**Goal of the exercise:**
Please return exactly the lines from the top of the data through the line that contains "金釘 以一葵さんを姓名の画数から五運を鑑定", and skip all pictures.
════
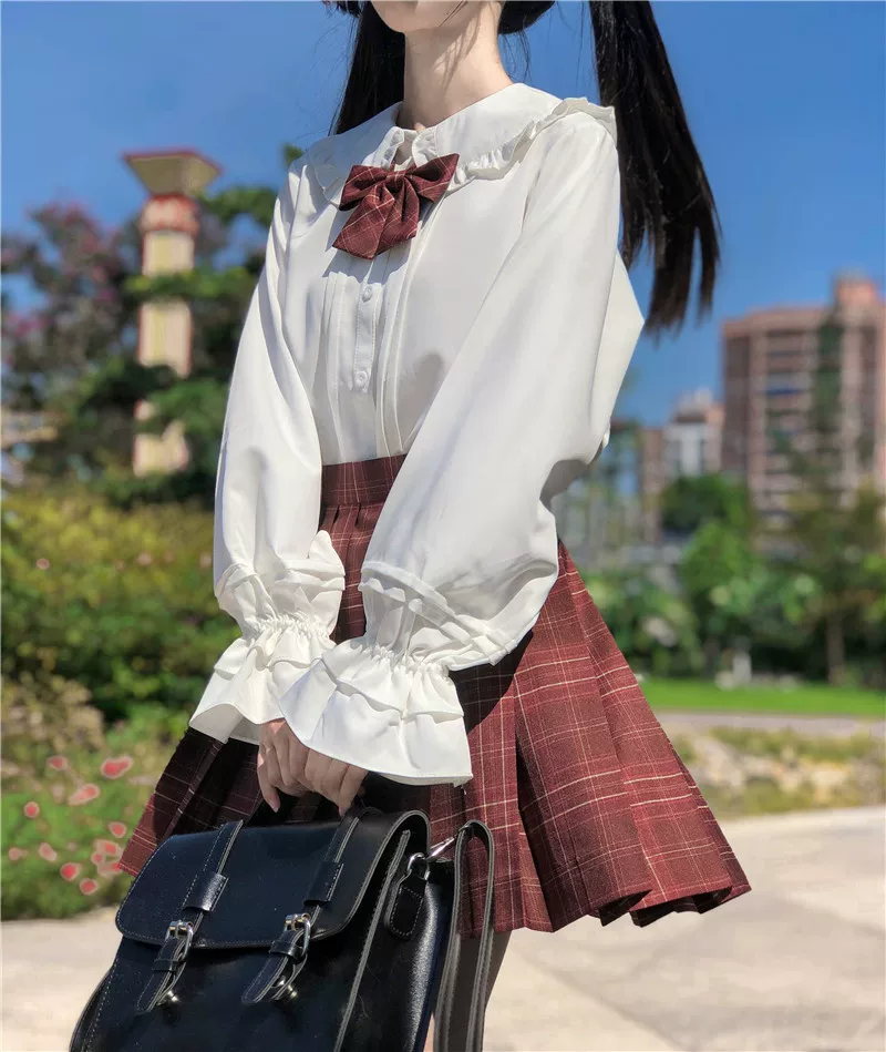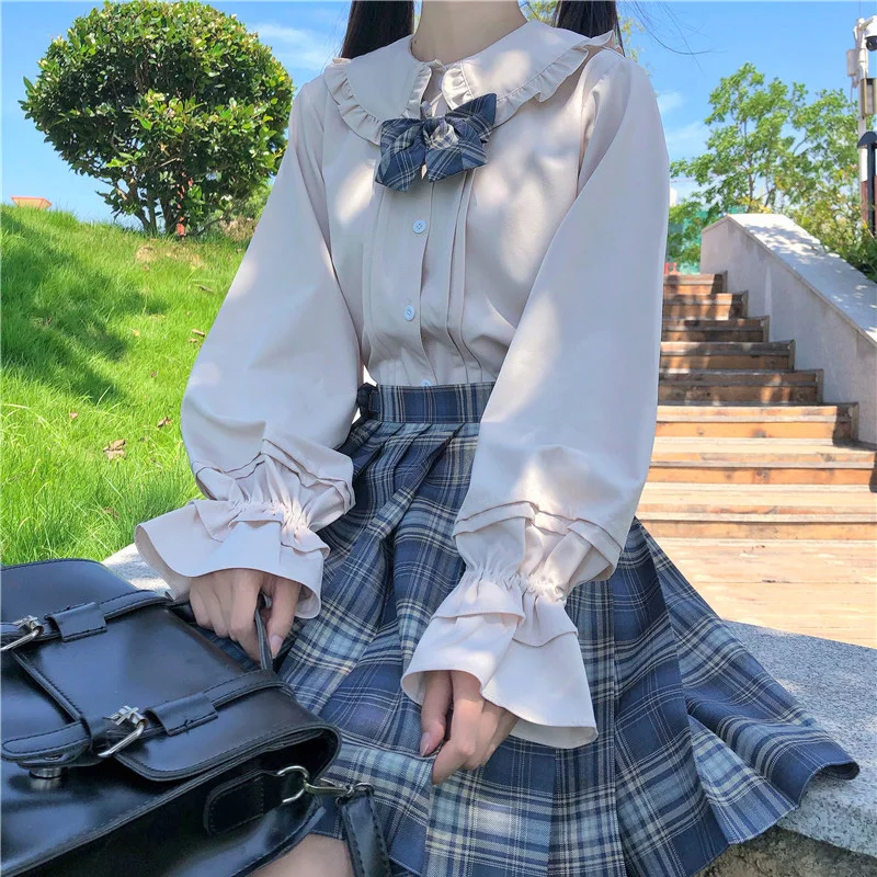 Японская рубашка с оборками для женщин, Новинка весна-осень 2022, воротник с куклой, длинный рукав, блузка Jk Kawaii Girl Lolita, внутренний женский топ
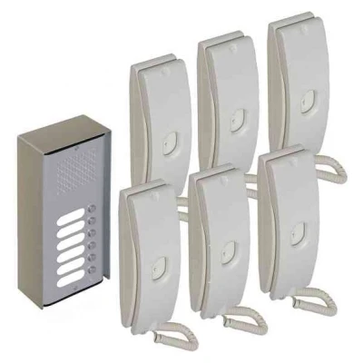 A robust kit consisting of a Deluxe Aluminum Panel and Speaker Amplifier, complete with Volume Control, nine stylish Handsets and Power Supply Unit.
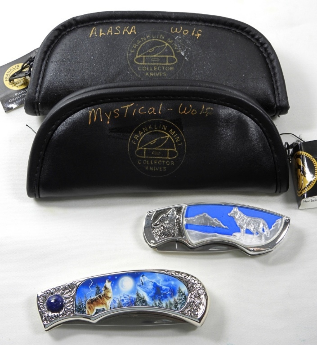 2 VINTAGE PAINTED ENGRAVED GIFT KNIVES WOLF STYLE
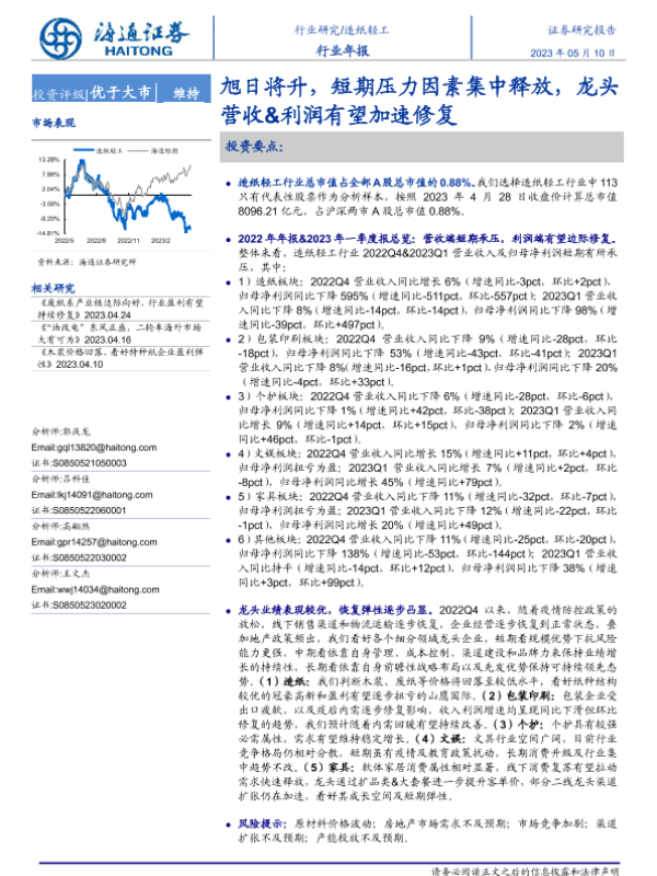 【海通证券】【20230510】20230510-海通证券-造纸轻工行业年报:旭日将升,短期压力因素集中释放,龙头营收&利润有望加速修复-10页
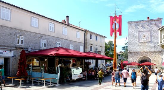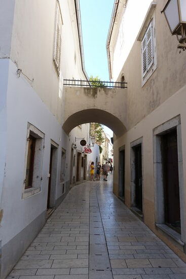 Kathedrale Krk, eine 3-schiffige Basilika aus dem 5. Jh. mit Umbauten Jahrhunderte später. Der weithin sichtbare Zwiebelturm ist das Wahrzeichen der Stadt.
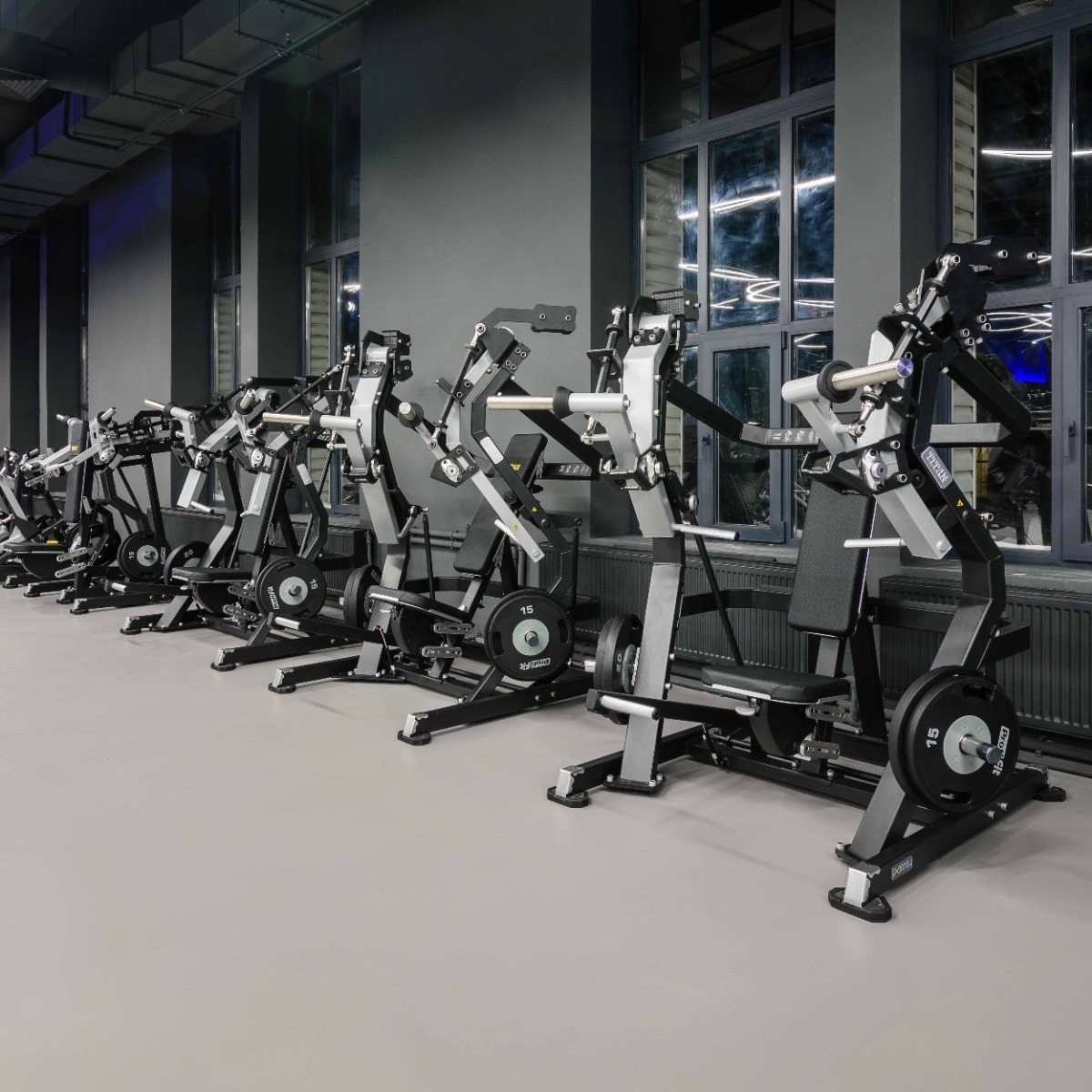 Накопители на подвижных рычагах и статичные для хранения оборудованы кольцами из плотной резины для предотвращения соприкосновения дисков с рамой тренажера и амортизации при размещении свободных весов на накопителях.
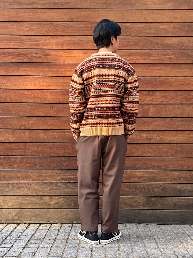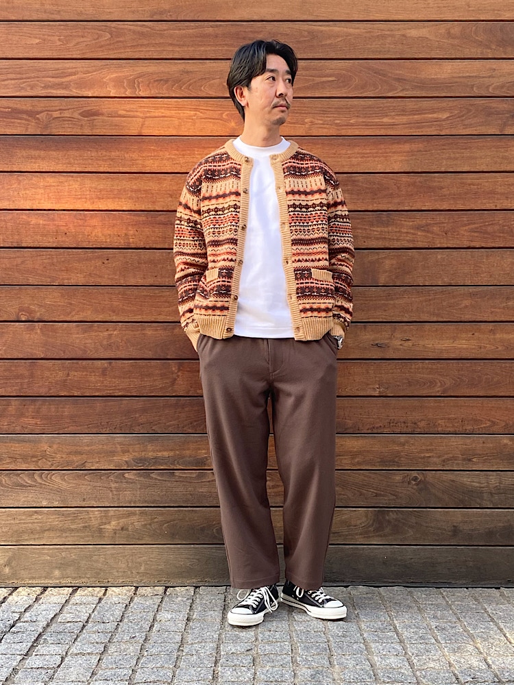 ノルディック柄のカーディガンで同色コーディネートです。全体の色を合わせても統一感を出しています。靴を黒にしたので締まった印象になります。
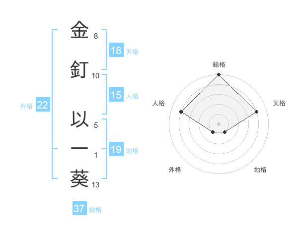 金釘 以一葵さんを姓名の画数から五運を鑑定
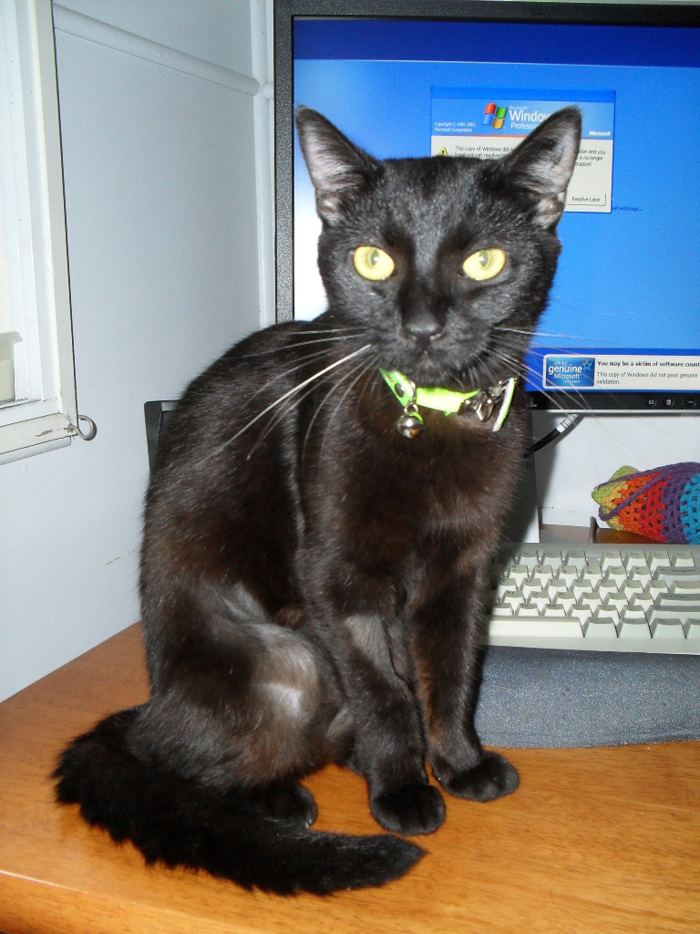 Introducing the gorgeous beautiful "sophie" a lovely companion cat. Do you want a cat that slinks around your legs in the kitchen, sits with you while you watch tv, sleeps on your bed and goes where you are. . . . Then sophie is your cat. Sophie is guessed to be about 1 year old. She came to little paws kitten rescue as a pregnant mum; she's now desexed, vaccinated, wormed and flea treated. Her babies have gone on to find forever homes and now she would like this also. She's a beautiful dark silky coated cat with amazing eyes. Her distinctive one white whisker sets her apart from the rest. She also likes to meow occassionally when you come home, talking to you about her day and how hungry she is but her meow isn't very loud at all (isn't annoying). She is so friendly and has a lovely gentle nature. Loves to be picked up and walked around the house while you talk to her about your day. A good companion to the other 3 kittens and cats in this foster home. She was initially very frightened of my kelpie x dog but now seems to be wary but 'cool' with her. She'll calmly walk past the dog and give a slight hiss (just to let the dog know she is aware) but is otherwise relaxed. I think she'd adjust to life with a dog, so long as she had gentle time to do so & high places to observe from. She is a delightful cat that would be greatly, but happily missed from foster care. She'd do well with other animals but i'm sure she'd be delighted to be the sole pet and adored accordingly. If you would like to meet sophie, contact her foster mum emma
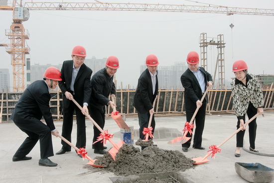随后,参会领导和嘉宾登上14号学生公寓楼将最后一块混凝土浇筑在楼顶,至此14、15号学生公寓楼主体施工顺利完成。
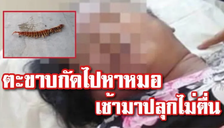 สาวใหญ่ถูกตะขาบกัด ไปหาหมอ กลับมาบ้านบ่นปวดมาก จึงกินยานอน รุ่งเช้าลูกชายมาปลุกไม่ตื่น พบนอนแน่นิ่งเสียชีวิต
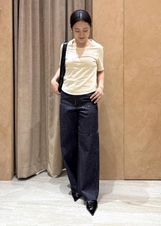加工感のある光沢のフェイクレザーが今シーズンらしいトレンド感をプラス。
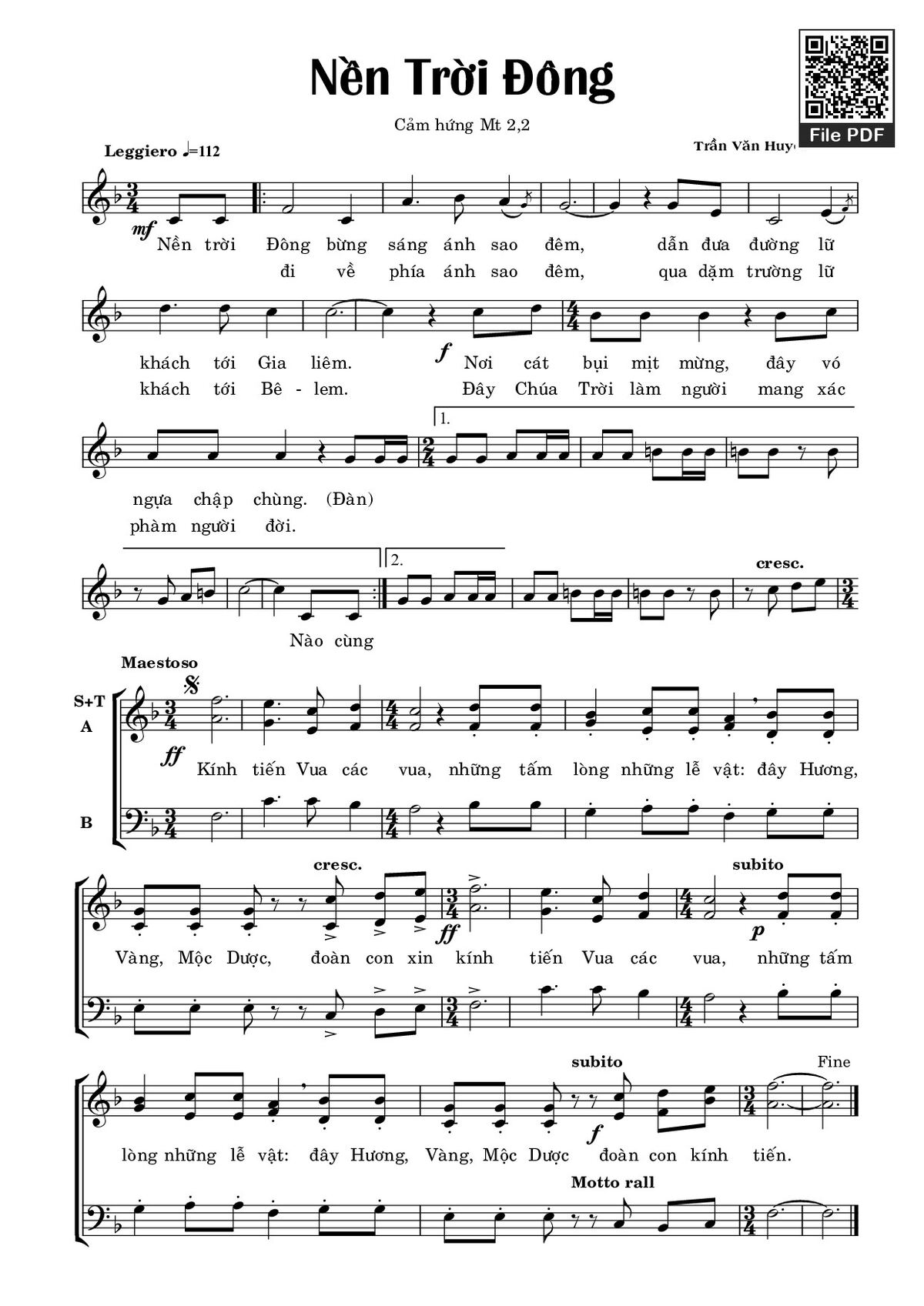 Nền trời Đông bừng sáng ánh sao đêm, dẫn đưa đường lữ khách tới Gia liêm. Nơi cát bụi mịt mừng, đây vó ngựa chập chùng. Nào cùng đi về phía ánh sao đêm, qua dặm trường lữ khách tới Bê-lem. Đây Chúa Trời làm người mang xác phàm người đời. Kính tiến Vua các vua, những tấm lòng những lễ vật: đây Hương, Vàng, Mộc Dược, đoàn con xin kính tiến Vua các vua, những tấm lòng những lễ vật: đây Hương, Vàng, Mộc Dược đoàn con kính tiến.
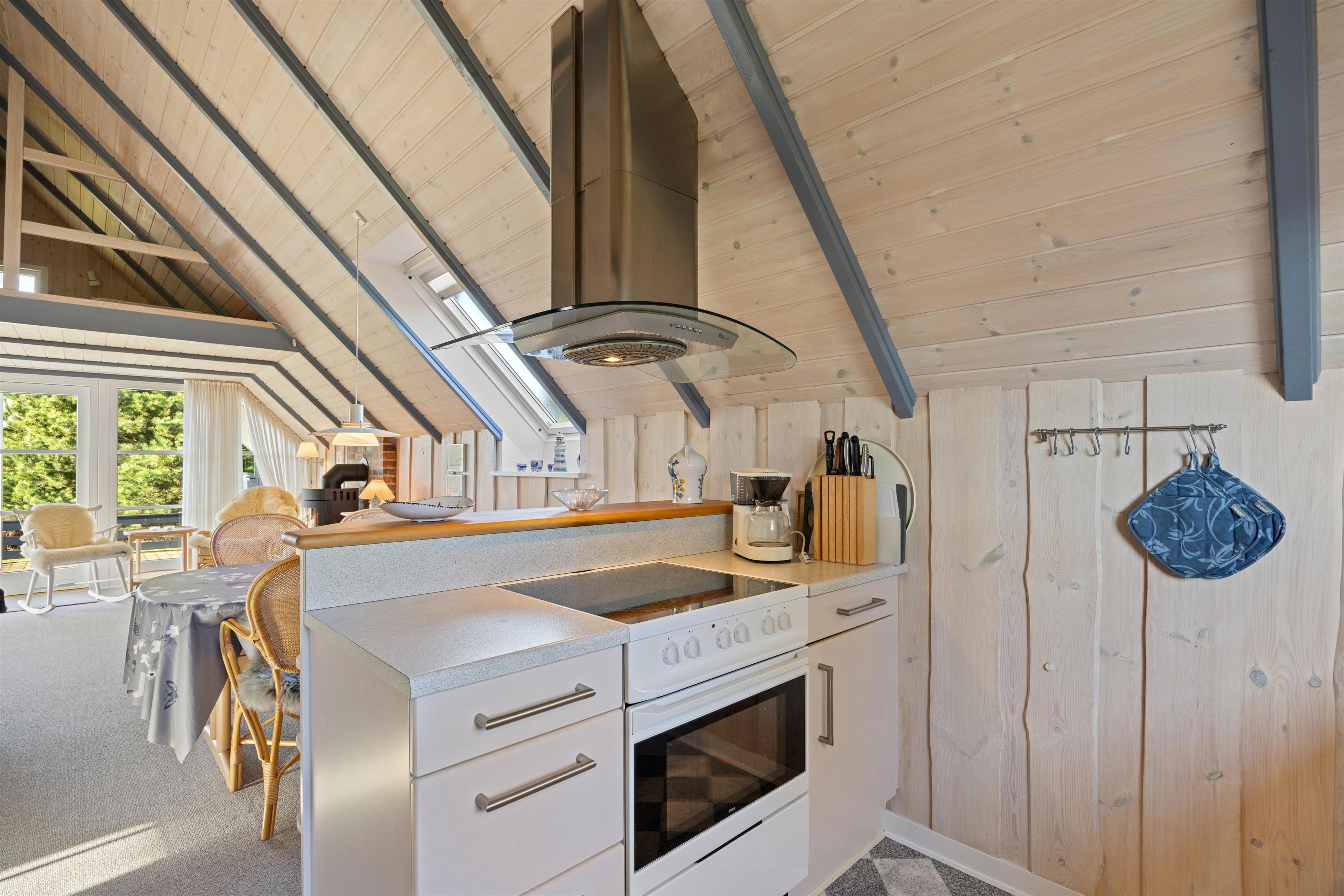 I køkken/alrummet er der plads til at sidde og spille spil eller læse en god bog, imens der bliver lavet dejligt mad i køkkenet.
════
**Response for this exercise:**
 Японская рубашка с оборками для женщин, Новинка весна-осень 2022, воротник с куклой, длинный рукав, блузка Jk Kawaii Girl Lolita, внутренний женский топ
 A robust kit consisting of a Deluxe Aluminum Panel and Speaker Amplifier, complete with Volume Control, nine stylish Handsets and Power Supply Unit.
 2 VINTAGE PAINTED ENGRAVED GIFT KNIVES WOLF STYLE
 【海通证券】【20230510】20230510-海通证券-造纸轻工行业年报:旭日将升,短期压力因素集中释放,龙头营收&利润有望加速修复-10页
 Kathedrale Krk, eine 3-schiffige Basilika aus dem 5. Jh. mit Umbauten Jahrhunderte später. Der weithin sichtbare Zwiebelturm ist das Wahrzeichen der Stadt.
 Накопители на подвижных рычагах и статичные для хранения оборудованы кольцами из плотной резины для предотвращения соприкосновения дисков с рамой тренажера и амортизации при размещении свободных весов на накопителях.
 ノルディック柄のカーディガンで同色コーディネートです。全体の色を合わせても統一感を出しています。靴を黒にしたので締まった印象になります。
 金釘 以一葵さんを姓名の画数から五運を鑑定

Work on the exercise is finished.